I was in my late teens when I first went to Israel. It had become a popular pastime for young Jews to volunteer for work on Israeli kibbutzim. I had become friendly in Oxford with the niece of one of my father’s patients, a girl called Naomi Assenheim, born in Israel of Romanian parents. She was staying further up the Banbury Road with her uncle during her holidays. She lived in the Galil (Galilee), on a moshav (a less rigorous socialist construct than a kibbutz). She completely believed in the system. The accepted version of the kibbutz was that it was a rural settlement, peopled largely by Russian immigrants, who worked hard on the land. Children were separated from parents and brought up by other members of the community. It was pure socialism in action, an experiment in communal living. I wish the system had continued: the kibbutzniks were idealistic, decent people. They didn’t hate Arabs, and perhaps Israel would have developed differently if their energies had fuelled the land.

Naomi suggested that I go to a kibbutz in the Negev desert called Urim, so I did. I was frightened of flying, so I went by boat. I was quite a larky girl, on my own on an intrepid adventure, and I loved the experience of sailing, but my cabin was down in the bowels of the ship and very noisy and smelly. All the officers looked handsome in their white naval uniforms and one of them noticed me: travelling solo, with big breasts. He came over to me as I was sitting on the deck, reading. ‘Do you like this perfume?’ he asked, and showed me an enormous bottle of scent. He sprayed a bit on my wrist. ‘It’s lovely,’ I said. He smiled, ‘It’s yours.’ I demurred but he made me take it. He insisted I spray it liberally all over myself. It was jolly nice.

Then he said, ‘We have a cabin up on the top deck looking to the sea, with its own porthole. Would you like this cabin?’ ‘Oh, is it available?’ I asked. He said, ‘Sure, I’m an officer. I can arrange it.’

‘Oh, how lovely of him!’ I thought.

I asked an orderly to schlep all my luggage up several decks and all that day I flounced about the cabin, enjoying its facilities, luxuriating in my good luck.

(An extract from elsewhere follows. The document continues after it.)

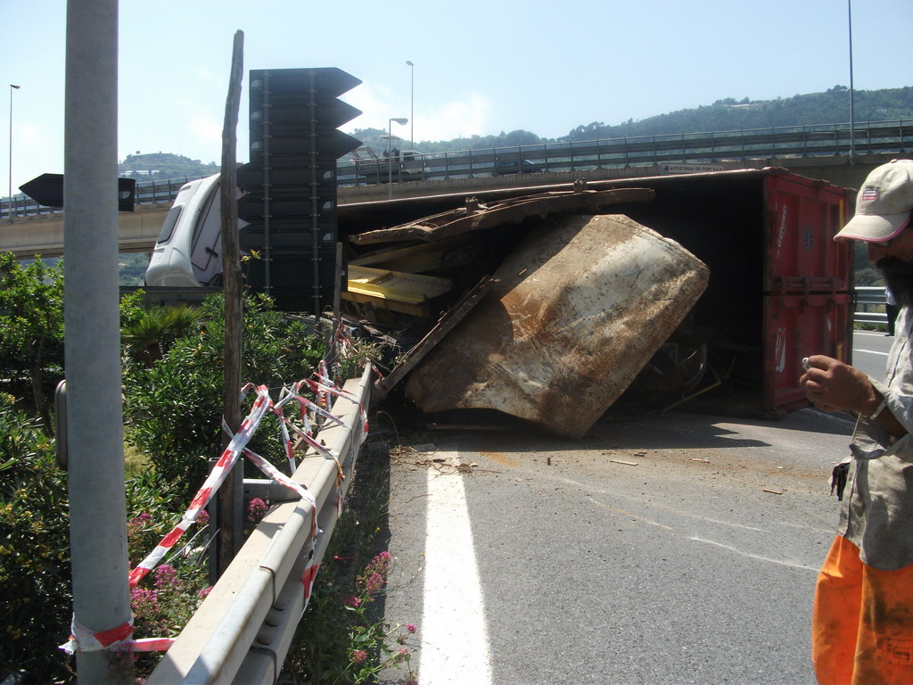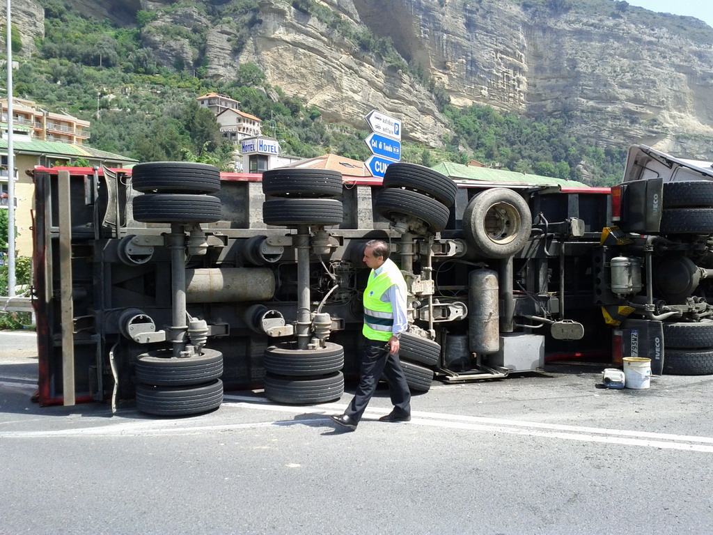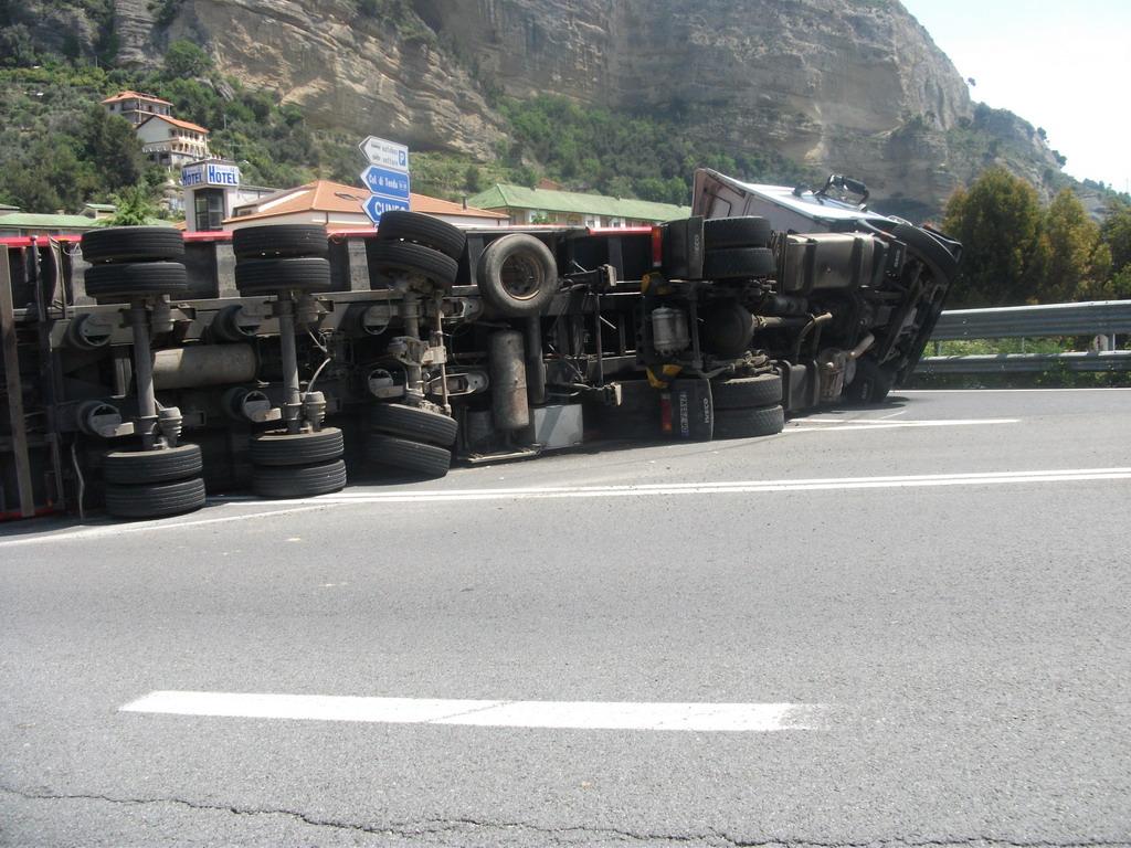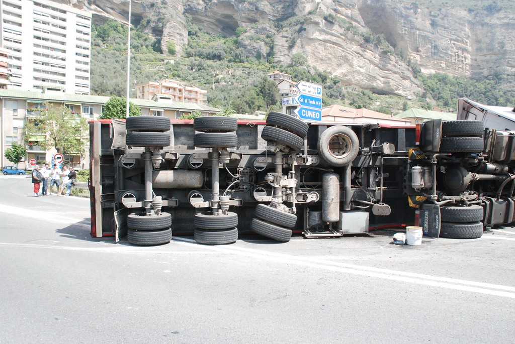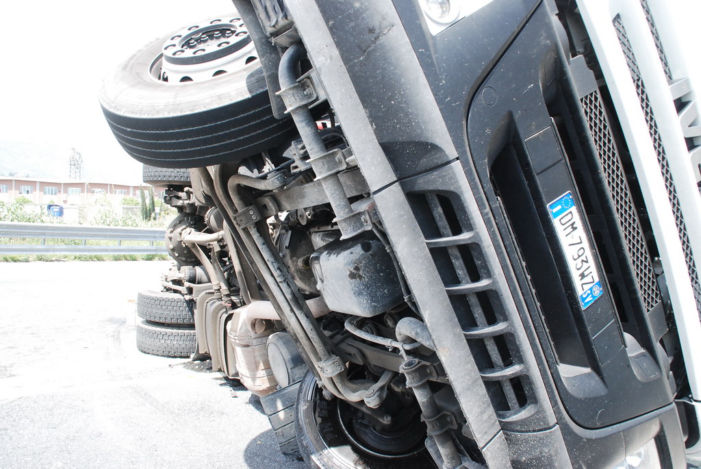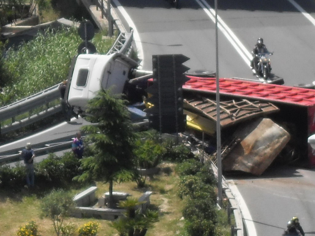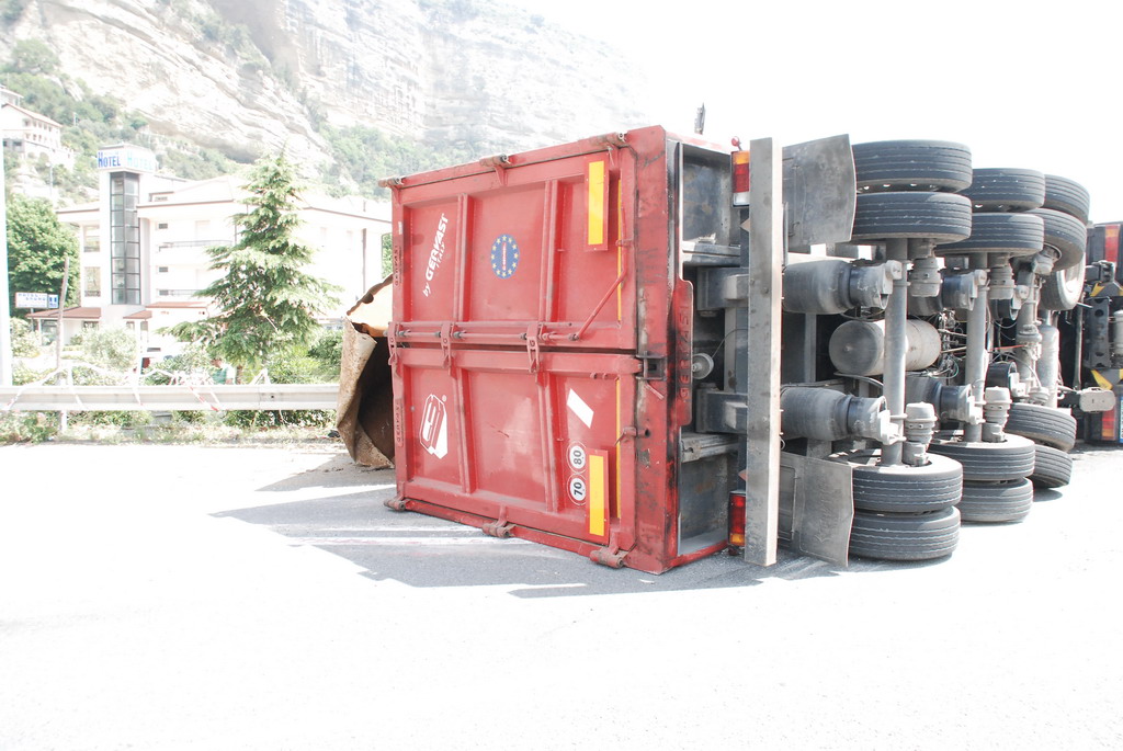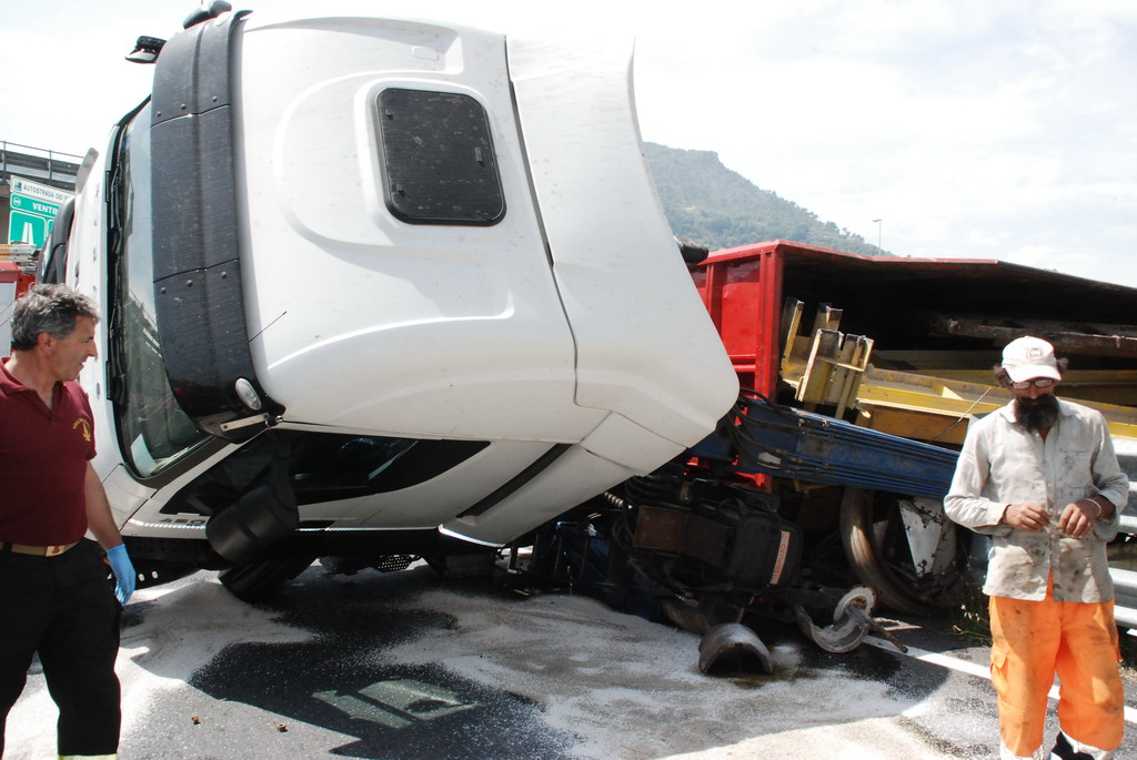 Un tir si è ribaltato intorno alle ore 13.30 a

After supper in the first-class dining room, I went to bed. At about two o’clock in the morning, I woke with a start. The officer had let himself into the cabin. ‘What are you doing?’ I cried. ‘Oh, darling, you didn’t think I’d send you to this cabin and you would be all alone.?’ he crooned. ‘But I thought that you were giving it to me…’ I stammered. ‘Sure, it’s yours, but we share it, yes?’ he said, sliding into bed alongside me. I said, ‘No, no, I don’t want that… that wasn’t… I didn’t think that’s what you wanted.’ He said, ‘What do you mean? I’m giving you a beautiful first-class cabin, and you think it’s just like that?’ ‘Well, yes. I did,’ I said, firmly. Less pleasantly, he said, ‘No. If you want the cabin, I have to share it with you.’

I got out of the bed, repacked all my things and returned to my lowly cabin in the middle of the night. I didn’t feel scared; I didn’t think he was going to rape me; I knew all I had to do was start screaming and there would be people right next door — he would have got into trouble. I was seventeen: it had never occurred to me that there would be a price to pay! How naive of me: I felt angry and embarrassed at my stupidity; I told nobody, I just thought ‘What a fucking creep.’ After that, I avoided him, and he avoided me, and that was that. I was in steerage for the rest of the voyage.

The boat docked at Haifa. The arrivals hall was chaotic, packed and boiling. The heat hit you, as if you’d walked into a wall — it almost knocked you over. I looked up at the notice over the entrance arch: ‘If you will it, it is no dream’ — a quotation from Theodor Herzl, the founder of political Zionism. That’s what he said about the state of Israel in 1880; it was eventually realised in 1948. It took a long time for Zionism to achieve this result.

I was excited to be in Israel, eager to discover what escapades lay in store for me at my kibbutz, and eagerly boarded the train for the Negev. When I got there, they said, ‘Welcome. So, you are going to wash and dry the dishes for five hundred people.’ That was my job. I thought, ‘Fuck that!’ I hadn’t travelled across the world to be doing dishes for my whole stay; I wanted a job in the open air. I told them that, and I was transferred to the fields, picking oranges.

It was invigorating but hard work. I was intoxicated by the energy of the kibbutz, at finding myself surrounded by fascinating, tall and handsome young people. They are an extraordinarily good-looking nation. I loved to see the girls in their army uniforms — they were gorgeous. It was a place where new things were happening, where the sea was being transformed into drinking water and used to irrigate the land. The desert was blooming.